E, poi, come possono essere così diversi? Uno puro e uno degradato? Fosse vero che sono stati deposti insieme, da assassino e vittima, dovrebbero avere le medesime caratteristiche di degradazione. E invece no. Come nel caso della traccia ematica trovata sul battitacco dell’auto di Olindo Romano: non evidenziata con nessuno strumento, certamente degradata in quanto la macchina fu esposta agli agenti atmosferici per quindici giorni, ma che nel laboratorio di genetica si trasforma in “purissima e concentrata”.
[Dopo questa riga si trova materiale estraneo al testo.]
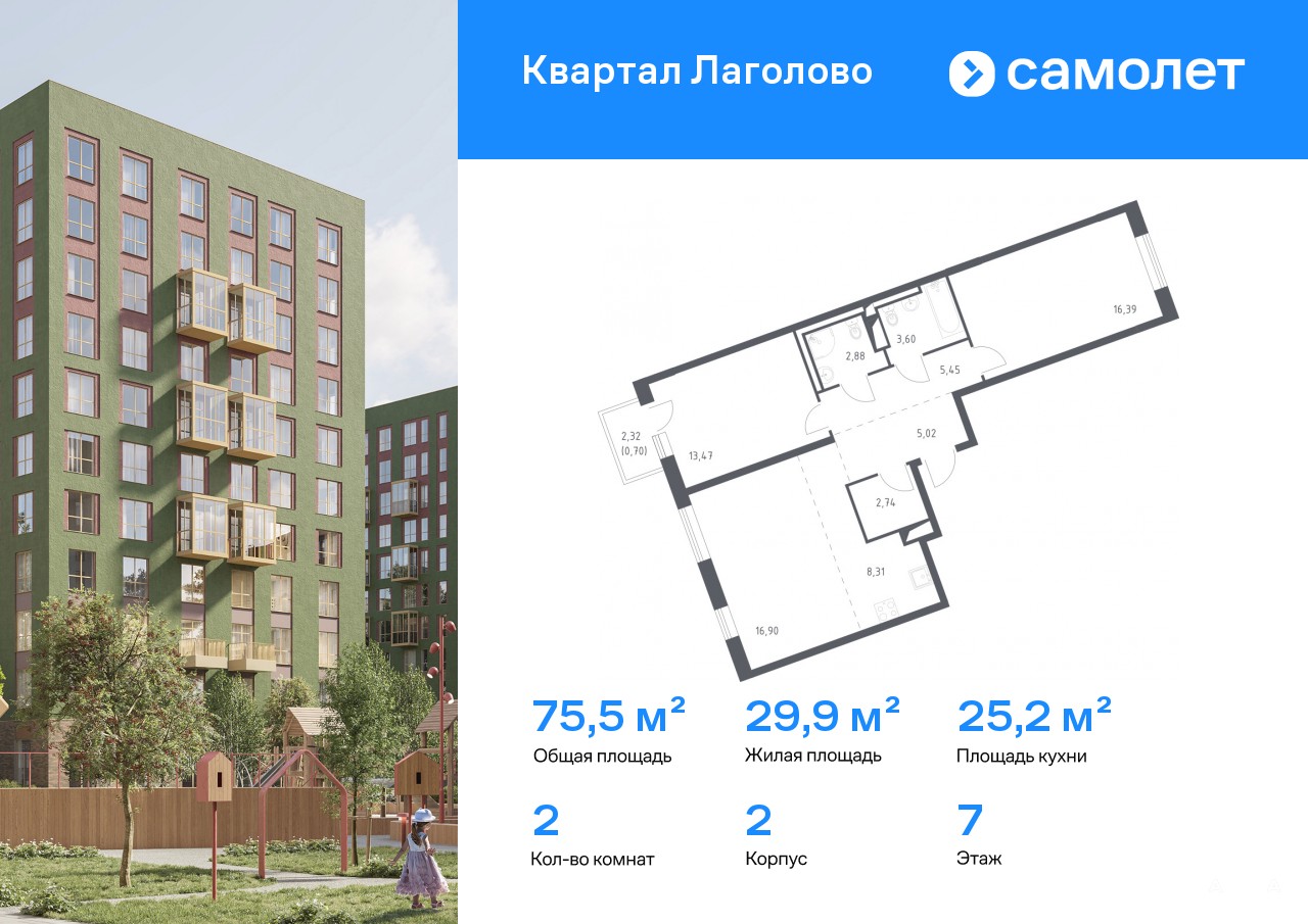 Строим кварталы для жизни с заботой о будущем. Предлагается 2-комнатная квартира комфорт-класса 75, 46 кв.м в корпусе 2 на 7 этаже, в ЖК «Квартал Лаголово»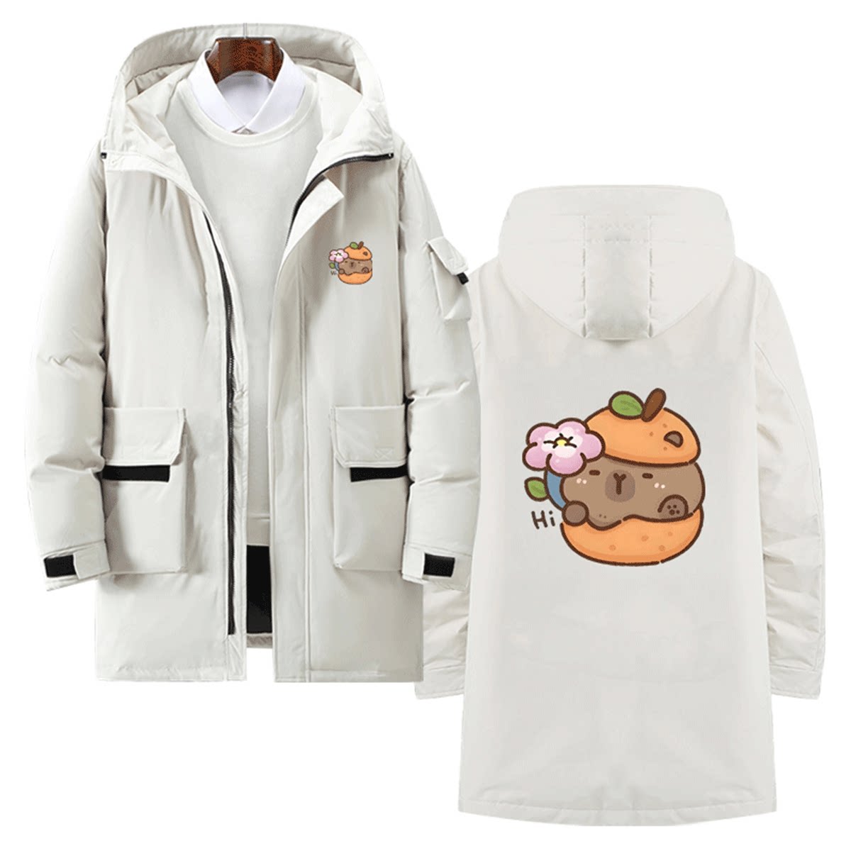 软萌可爱水豚卡皮巴拉表情动漫周边休闲可定制男女连帽外套羽绒服

Certamente, tornando al caso del muratore di Mapello condannato all’ergastolo in via definitiva il 12 ottobre del 2018, sono molte le verifiche che avrebbero potuto essere fatte, anche oggi, per dipanare e risolvere i punti interrogativi. Per esempio, la verifica di altri DNA: all’interno di Ignoto 1 c’è una componente mitocondriale mai analizzata. Di chi è? Non si sa. Come non si sa di chi sono quelle tracce genetiche sul guanto di donna e di uomo, persone rimaste senza identità. Anche quei 9 reperti piliferi trovati sul corpo di Yara (due della stessa persona) restano, senza identità. Indagini tecniche effettuate, secondo gli avvocati di Bossetti, con criteri non scientifici e non rispettosi delle “best practises” (evidenziarono 261 anomalie su 103 ripetizioni e l’utilizzo di kit scaduti) che inevitabilmente portarono a risultati contraddittori e incompleti.
Sarebbe bastato avere quei reperti, fare il confronto con il Dna prelevato da Massimo Bossetti, per dipanare qualsiasi controversia ed andare oltre il sacrosanto principio del ragionevole dubbio. E avere certezza che magari l’assassino di Yara sia lui, perché no. Ma sono troppi i misteri da svelare, la benda vela gli occhi della dea giustizia e il mondo reale si nasconde agli occhi dell’uomo dietro quello stesso velo.